Segment Open
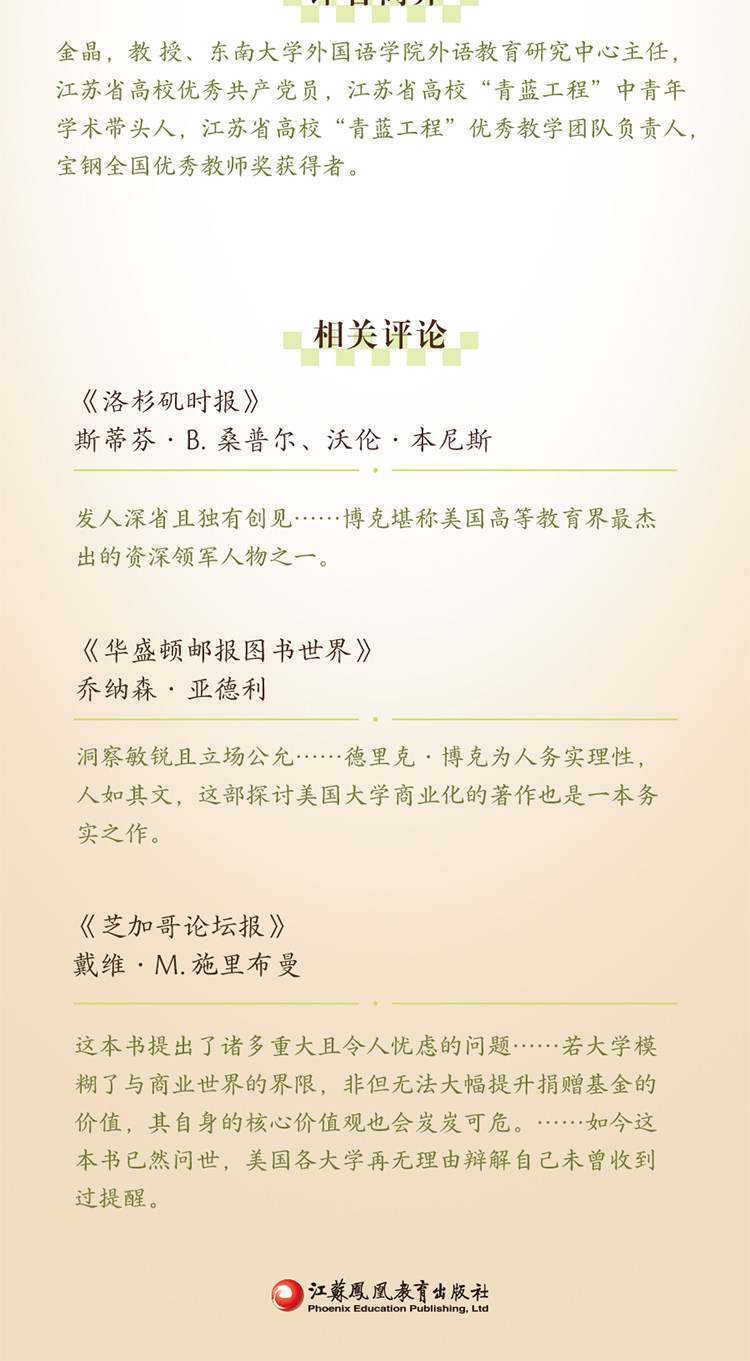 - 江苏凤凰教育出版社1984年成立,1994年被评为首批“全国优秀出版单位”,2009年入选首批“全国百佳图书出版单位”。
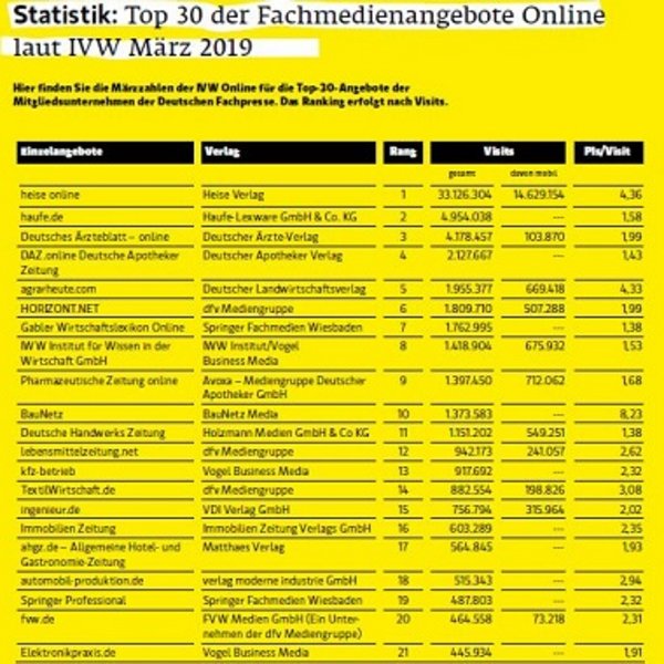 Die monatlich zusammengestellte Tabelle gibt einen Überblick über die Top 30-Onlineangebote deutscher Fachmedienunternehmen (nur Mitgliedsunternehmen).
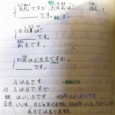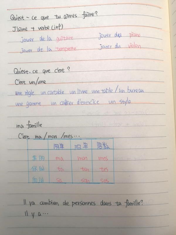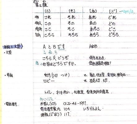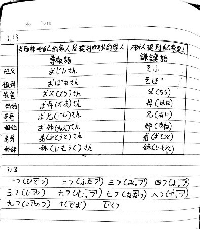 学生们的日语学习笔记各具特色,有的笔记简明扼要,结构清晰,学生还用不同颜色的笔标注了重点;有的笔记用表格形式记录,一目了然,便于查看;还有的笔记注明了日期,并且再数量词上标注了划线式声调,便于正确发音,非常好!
Segment Closed
Segment Open
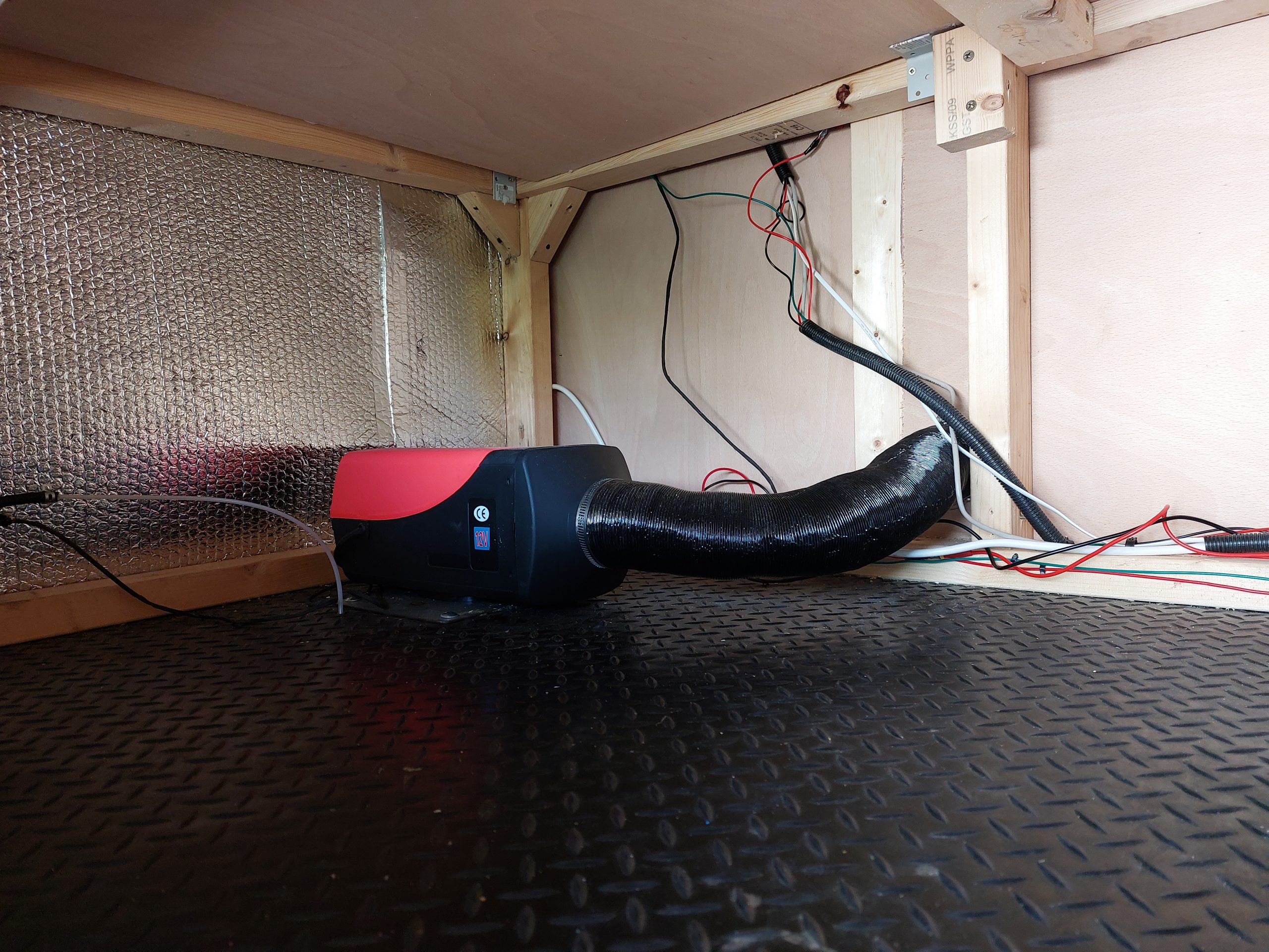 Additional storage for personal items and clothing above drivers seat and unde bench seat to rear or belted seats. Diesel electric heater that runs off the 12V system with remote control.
Segment Closed
Segment Open
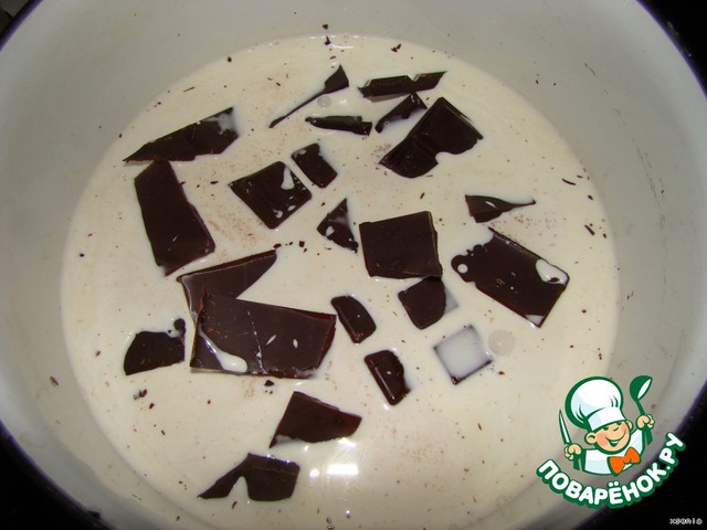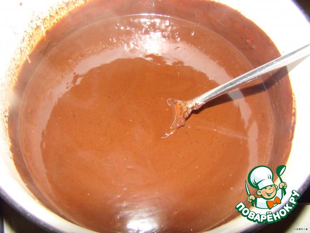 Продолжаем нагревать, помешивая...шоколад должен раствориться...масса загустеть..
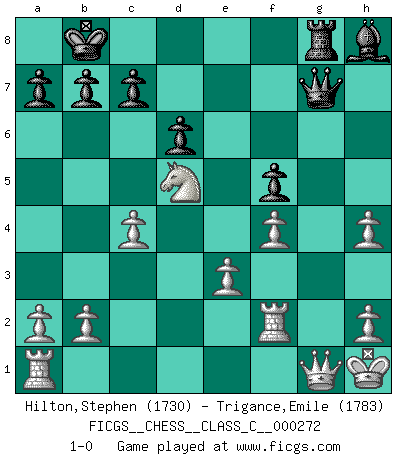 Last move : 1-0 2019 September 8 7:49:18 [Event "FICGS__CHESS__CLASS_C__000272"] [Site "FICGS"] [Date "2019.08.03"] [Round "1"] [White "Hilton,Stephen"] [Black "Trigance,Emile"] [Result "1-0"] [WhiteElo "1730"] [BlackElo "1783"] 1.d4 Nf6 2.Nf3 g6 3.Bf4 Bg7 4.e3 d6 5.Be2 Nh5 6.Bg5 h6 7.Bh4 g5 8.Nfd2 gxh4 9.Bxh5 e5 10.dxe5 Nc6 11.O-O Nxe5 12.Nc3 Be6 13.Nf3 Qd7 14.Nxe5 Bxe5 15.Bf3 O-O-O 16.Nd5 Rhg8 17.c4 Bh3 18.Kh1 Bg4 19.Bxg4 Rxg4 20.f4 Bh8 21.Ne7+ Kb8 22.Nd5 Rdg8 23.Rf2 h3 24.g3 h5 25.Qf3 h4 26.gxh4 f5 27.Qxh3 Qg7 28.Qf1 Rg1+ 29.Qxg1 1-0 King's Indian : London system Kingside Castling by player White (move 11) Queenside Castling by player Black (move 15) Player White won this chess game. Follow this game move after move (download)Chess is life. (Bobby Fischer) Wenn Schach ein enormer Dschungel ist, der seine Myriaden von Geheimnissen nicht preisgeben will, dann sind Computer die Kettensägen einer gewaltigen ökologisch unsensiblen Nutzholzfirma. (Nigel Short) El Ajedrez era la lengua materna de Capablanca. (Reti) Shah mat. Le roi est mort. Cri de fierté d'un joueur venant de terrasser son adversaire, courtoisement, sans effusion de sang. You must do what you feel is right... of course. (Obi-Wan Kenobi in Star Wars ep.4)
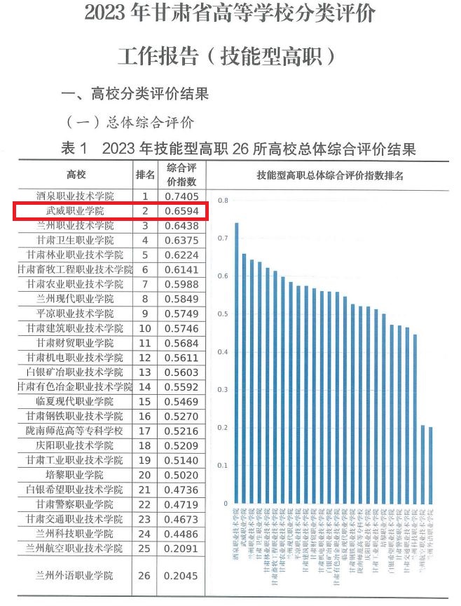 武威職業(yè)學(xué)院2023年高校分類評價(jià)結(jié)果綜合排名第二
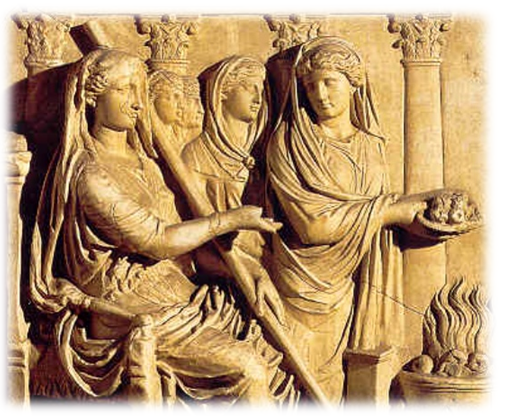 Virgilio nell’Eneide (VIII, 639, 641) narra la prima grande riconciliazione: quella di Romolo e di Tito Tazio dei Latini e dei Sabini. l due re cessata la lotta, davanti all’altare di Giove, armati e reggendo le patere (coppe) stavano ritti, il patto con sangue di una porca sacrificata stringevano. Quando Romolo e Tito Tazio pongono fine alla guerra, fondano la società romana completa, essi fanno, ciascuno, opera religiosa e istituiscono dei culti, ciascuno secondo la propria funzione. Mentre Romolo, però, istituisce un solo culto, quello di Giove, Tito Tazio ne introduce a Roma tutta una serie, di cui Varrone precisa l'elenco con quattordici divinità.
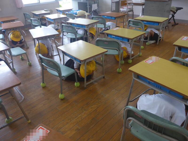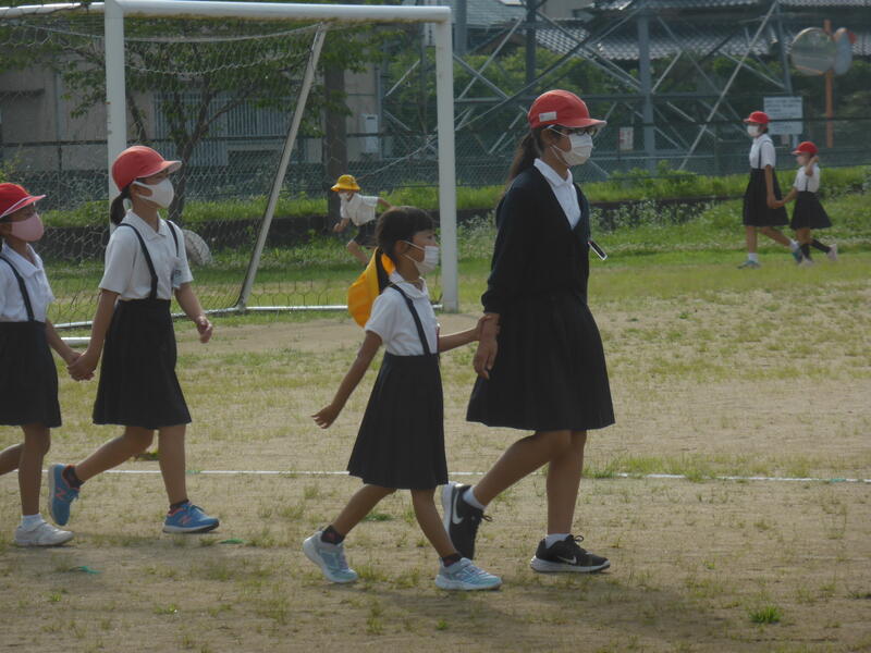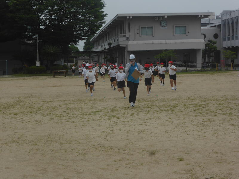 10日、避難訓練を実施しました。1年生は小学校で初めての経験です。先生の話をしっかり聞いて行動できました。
Segment Closed
Task requirements:
In the data above, find the line with "- 江苏凤凰教育出版社198" and the line with "Die monatlich zusammengestellte". Please copy exactly those two lines and every line between them, but not the pictures.

Exercise answer:
 - 江苏凤凰教育出版社1984年成立,1994年被评为首批“全国优秀出版单位”,2009年入选首批“全国百佳图书出版单位”。
 Die monatlich zusammengestellte Tabelle gibt einen Überblick über die Top 30-Onlineangebote deutscher Fachmedienunternehmen (nur Mitgliedsunternehmen).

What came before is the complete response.